Could genetic research predict defaults and bankruptcy

Posted by Barry Stamp in Credit Score on 11 December 2012 - Barry is Managing Director at checkmyfile

David Cameron has announced that up to 100,000 people are to have their genetic make-up mapped, and in so doing, the NHS will lead the global race for better healthcare.

The £100m project (i.e. at a cost of £1,000 per individual) is expected to lay the foundations for research into cancer and other diseases which ultimately will help the next generation of sufferers, not only by detecting the predisposition to contracting cancer, but also assisting in the choice of therapies to combat cancers.

In the past, much more mundane medical research has led to major advances in other fields. For example, credit scoring is itself a by-product of research in the 1950’s into the link between socio-economic environments and disease. It was found that the ‘characteristics’ (such as age, gender, income, stability and others) being analysed to predict medical conditions could more accurately predict bankruptcy.
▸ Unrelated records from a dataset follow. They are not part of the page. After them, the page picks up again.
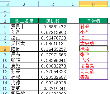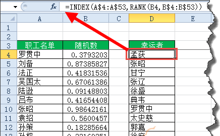 Excel不仅具有非常强大的表格处理功能,而且还有很多趣味小妙用,比如制作抽奖4. 我想当医生,可以给所有不乖的爸爸妈妈打针。器。有人可能要问抽奖器有什么用?它使用的场合很多,比如用于年会抽取幸运员工,日常点名抽查等等,那么它该如何制作呢?下面我们就来进行演示。 如何使用Excel制作抽奖器? 1、首先输入员工名单,比如公司有50个员工,需要从中抽取10位,要求每个员工名字不得重复出现。  2、在员工名单右侧一列输入随机数公式【= RAND()】,然后下拉复制公式至名单末尾,这样就会在0和1之前随机生成一组数值,并且这组数值是不重复的。  3、然后在右侧任意选取一个空白列,比如D列,然后在对应表格位置(这里是D4)随机排序返回公式【=INDEX(A$4:A$53,RANK(B4,B$4:B$53))】,并下拉复制公式至名单末尾。  4、最后常按【F9】,函数就会自行运行,在合适时候松开【F9】就会随机抽取10位员工了。  以上就是关于如何使用Excel制作抽奖器/点名抽查器的步骤的介绍,需要特别注意的是,在结果产生之后千万不要在进行双击或编辑公式的操作,否则就会改变原来的结果! 如何使用Excel制作一个抽奖器?Excel抽奖器制作方法想了又想(朝思暮想)寥目空一切若晨星33. 谎言是一只心灵的蛀虫,将人的心蛀得面目全非;谎言是一个深深的泥潭,让人深陷其中无法自拔;谎言是一个无尽的黑洞,让人坠入罪恶的深渊万劫不复。为实现自己的学习目标,我曾尝试过一些有效的方法。38.言必信,行必果。 西园夜饮鸣笳。有华灯碍月,飞盖妨花。兰苑未空,行人渐老,重来是事堪喈。烟暝酒旗斜,但倚楼极目,时见栖鸦。无奈归心,暗随流水到天涯。渔阳鼙鼓动地来,惊破霓裳羽衣曲。Excel,表格13、Just has long arms. |
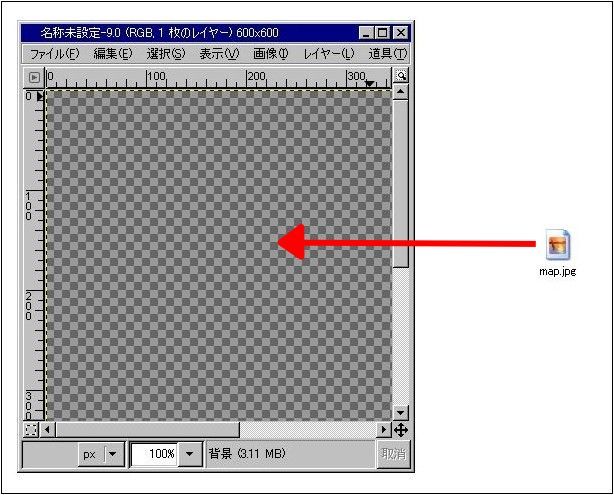 まず、使いたい地図の画像を用意します。その画像を描画ウィンドウにドラックし、このレイヤー名を「地図」とします。(画像はクリックで拡大します)
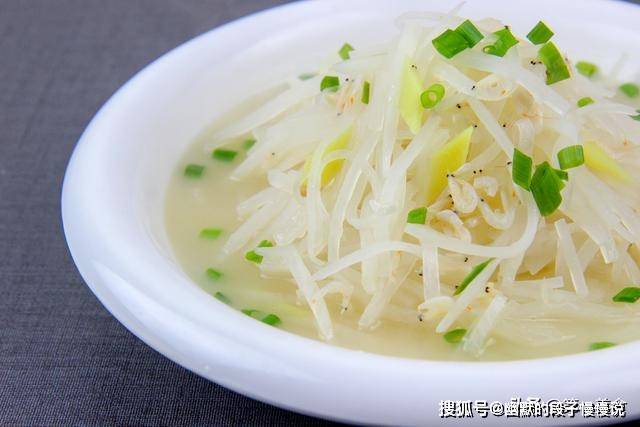 开小火,慢慢熬至汤汁变少,就可以出锅装盘了。最后撒上葱花点缀。好了,这道清淡美味的虾皮萝卜丝就做好了。这道菜不需要放什么调料,以清淡为主,汤的味道香而不腻。
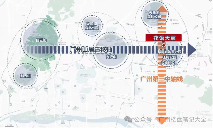 位于广州科技创新轴(第三中轴)与主城山居“绿腰带”黄金交汇处

That same model was then taken up and extended over decades of work by Bill Fair and Earl Isaac in the US to predict defaults, credit propensity and much more.

It would not be inconceivable that genetic mapping could similarly predict our pre-disposition to falling into arrears, defaults or bankruptcy.

Certainly, there must also be a good chance that genetic research may also be used by health and life insurers in the future. It would take just one step beyond the announced analysis of anonymised medical data, to the analysis of a relatively small sample of known data subjects for a different purpose.

If the principle is established, the financial benefits of such will accelerate genetic research well beyond current thinking.